**Your assignment**
With pictures omitted, copy exactly the lines from the one containing "牛仔裤与芭蕾鞋可以成为工作日" through the end of the records below.
[Start of section]
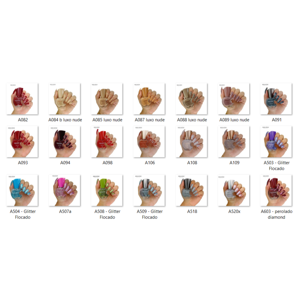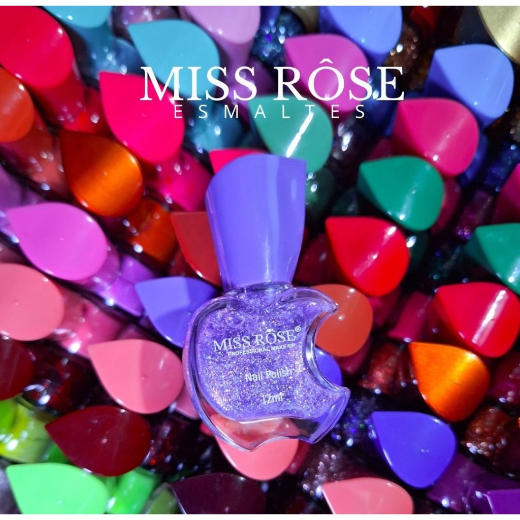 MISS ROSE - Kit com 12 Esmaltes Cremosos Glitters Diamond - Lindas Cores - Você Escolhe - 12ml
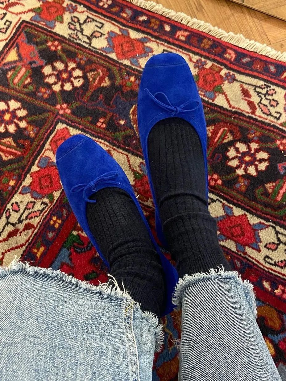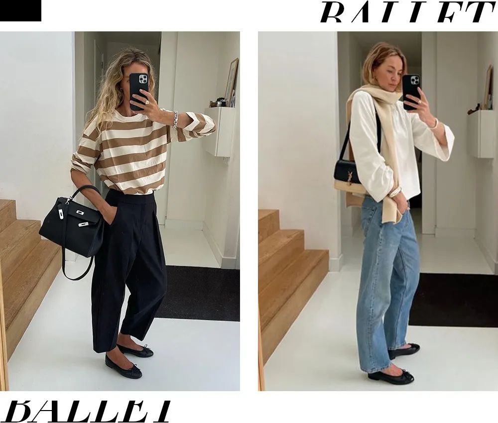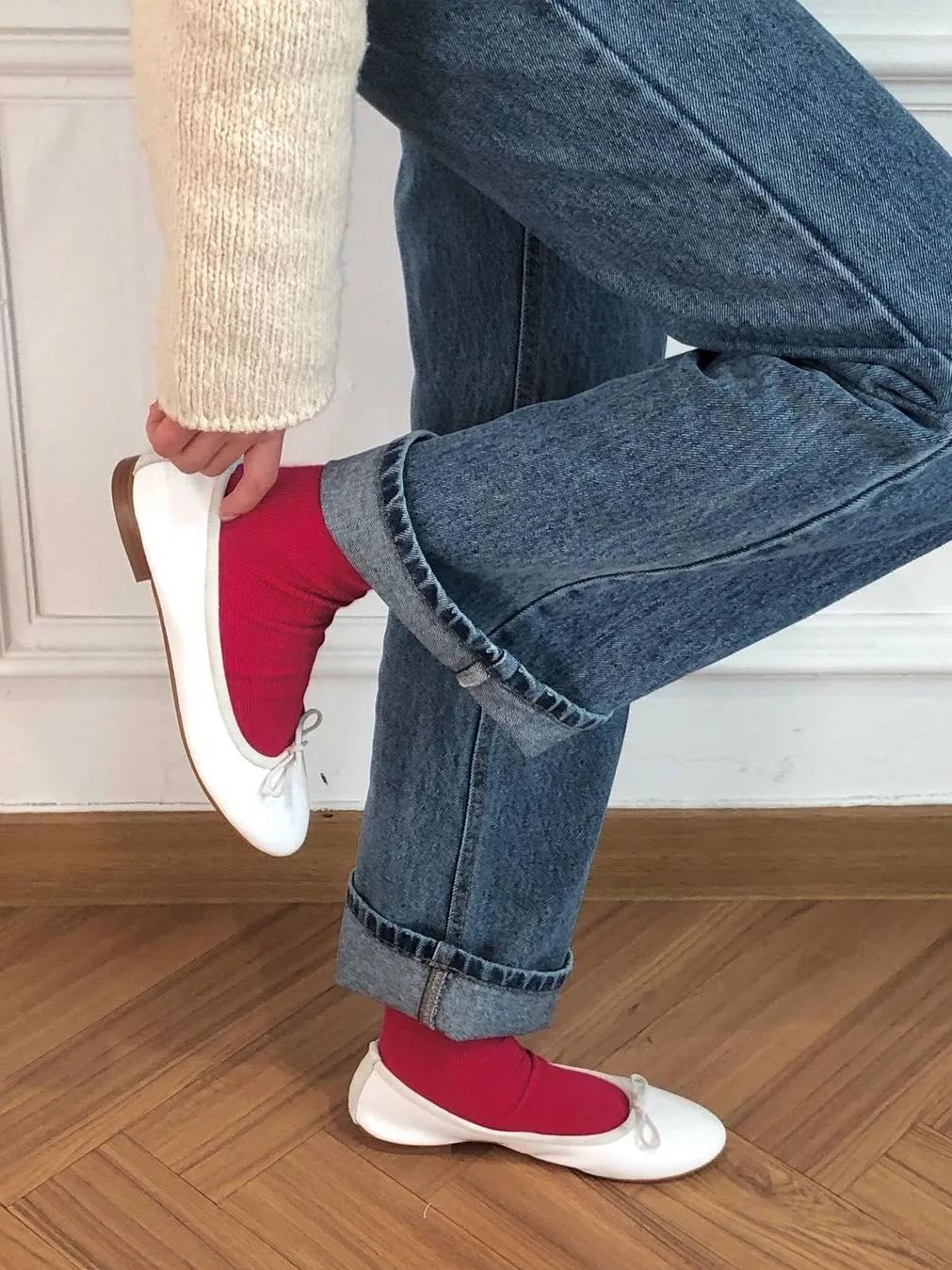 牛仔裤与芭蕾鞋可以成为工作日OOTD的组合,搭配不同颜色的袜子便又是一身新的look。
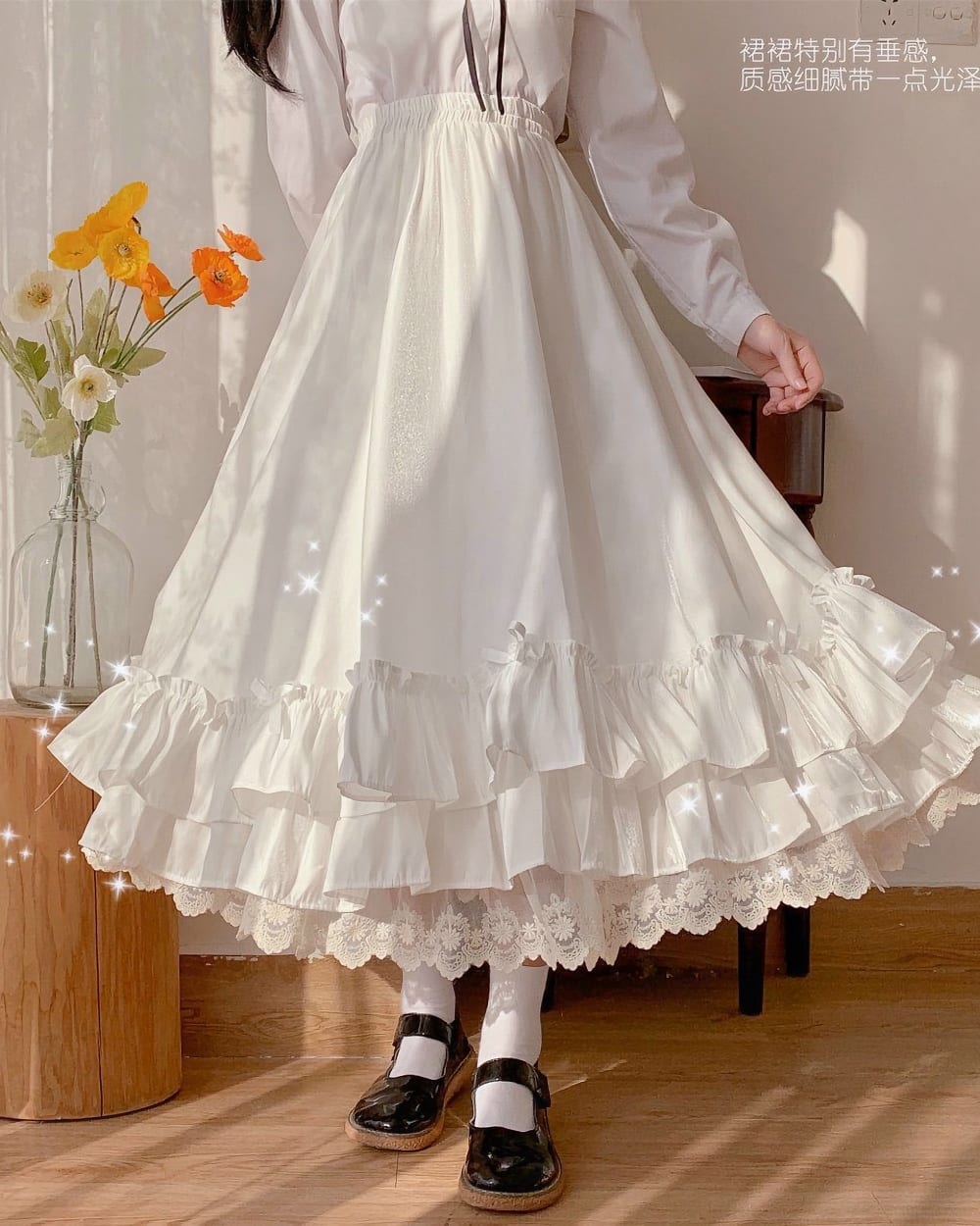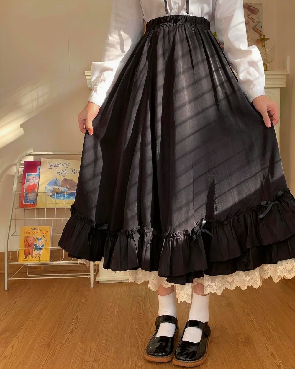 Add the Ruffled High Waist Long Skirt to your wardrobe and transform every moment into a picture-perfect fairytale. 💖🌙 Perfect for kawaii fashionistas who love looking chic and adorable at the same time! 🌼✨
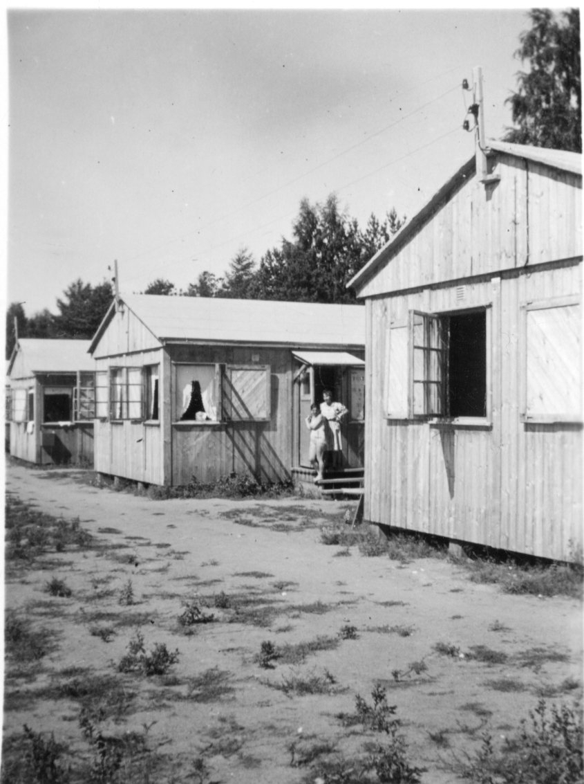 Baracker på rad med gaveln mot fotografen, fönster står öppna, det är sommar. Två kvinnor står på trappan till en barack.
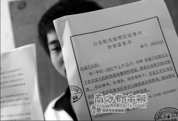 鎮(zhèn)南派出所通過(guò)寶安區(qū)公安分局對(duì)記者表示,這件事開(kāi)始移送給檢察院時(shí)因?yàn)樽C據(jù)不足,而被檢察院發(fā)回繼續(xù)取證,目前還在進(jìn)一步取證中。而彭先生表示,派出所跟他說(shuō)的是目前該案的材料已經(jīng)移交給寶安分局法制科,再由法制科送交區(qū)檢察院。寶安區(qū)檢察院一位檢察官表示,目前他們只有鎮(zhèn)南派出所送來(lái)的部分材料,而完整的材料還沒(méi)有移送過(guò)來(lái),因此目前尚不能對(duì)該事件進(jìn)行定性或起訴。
[End of section]
**Completed task**
 牛仔裤与芭蕾鞋可以成为工作日OOTD的组合,搭配不同颜色的袜子便又是一身新的look。
 Add the Ruffled High Waist Long Skirt to your wardrobe and transform every moment into a picture-perfect fairytale. 💖🌙 Perfect for kawaii fashionistas who love looking chic and adorable at the same time! 🌼✨
 Baracker på rad med gaveln mot fotografen, fönster står öppna, det är sommar. Två kvinnor står på trappan till en barack.
 鎮(zhèn)南派出所通過(guò)寶安區(qū)公安分局對(duì)記者表示,這件事開(kāi)始移送給檢察院時(shí)因?yàn)樽C據(jù)不足,而被檢察院發(fā)回繼續(xù)取證,目前還在進(jìn)一步取證中。而彭先生表示,派出所跟他說(shuō)的是目前該案的材料已經(jīng)移交給寶安分局法制科,再由法制科送交區(qū)檢察院。寶安區(qū)檢察院一位檢察官表示,目前他們只有鎮(zhèn)南派出所送來(lái)的部分材料,而完整的材料還沒(méi)有移送過(guò)來(lái),因此目前尚不能對(duì)該事件進(jìn)行定性或起訴。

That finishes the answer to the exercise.